O zemin çok tehlikeli!

Aysun Özcan

Aysun Özcan

Tüm Yazıları

Olağanüstü bir hafta sonu geçirdik.

Tutuklamalar, kayyumlar, protestolar, gözaltılar, ön seçimler derken;

Basın emekçileri olarak herkes kadar biz de epeyce yorulduk.

Ülkemizde ve şehrimizde yaşanan gelişmeleri anbean elimiz erdiğince sizlere aktarmaya çalıştık.

Gazetede kimse izin yapmadı, herkes teyakkuzdaydı.

Kim ne diyor, nerede ne oluyor, ayrım yapmaksızın, hepsine yer verdik.

Ama günün sonunda gerek Cumhurbaşkanı Erdoğan gerekse CHP Genel Başkanı Özgür Özel tarafından dayağı yiyen yine medya oldu.

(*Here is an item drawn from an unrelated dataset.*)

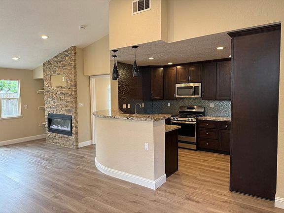 Tastefully updated gem in the gated Applebrook community of Brookside. Step into an open floorplan with vaulted ceilings and a floor to ceiling stone fireplace. Updated kitchen and bathrooms with striking tile and stone work. Vaulted ceilings continue into the primary bedroom with walk in closet and relaxing jetted bathtub. Generously sized guest bedroom. Versatile den that makes for an ideal home office, hobby space or playroom. Brand new vinyl plank flooring and fresh paint throughout it all. Other features include an inside laundry area, efficient whole house fan, low maintenance yard (front yard taken care of by HOA) and access to the community pool and rec center. Located within the desirable Lincoln School District this is the perfect home for first time buyers, downsizers or anyone looking for some move in ready style.

Oysa ülkeyi kutuplaştıran, kamplaştıran gazeteciler değil, siyasetçilerin ta kendisidir.

*

İktidar kendi havuz medyasını oluştururken, elleri armut toplamayan muhalefet de iktidarı taklitle kendi medyasını yaratmaktan geri kalmadı.

O yüzden şimdi kalkıpta birbirilerini yandaşlık üzerinden vurmaları, gazetecilere yandaşlık yaftaları yapıştırmaları bana trajikomik geliyor.

Gerçek şu ki; her iki tarafın da yandaş medyası var!

Her iki tarafta adeta bir holigan gibi beslendiği mecrayı yanlışlarıyla birlikte sahipleniyor.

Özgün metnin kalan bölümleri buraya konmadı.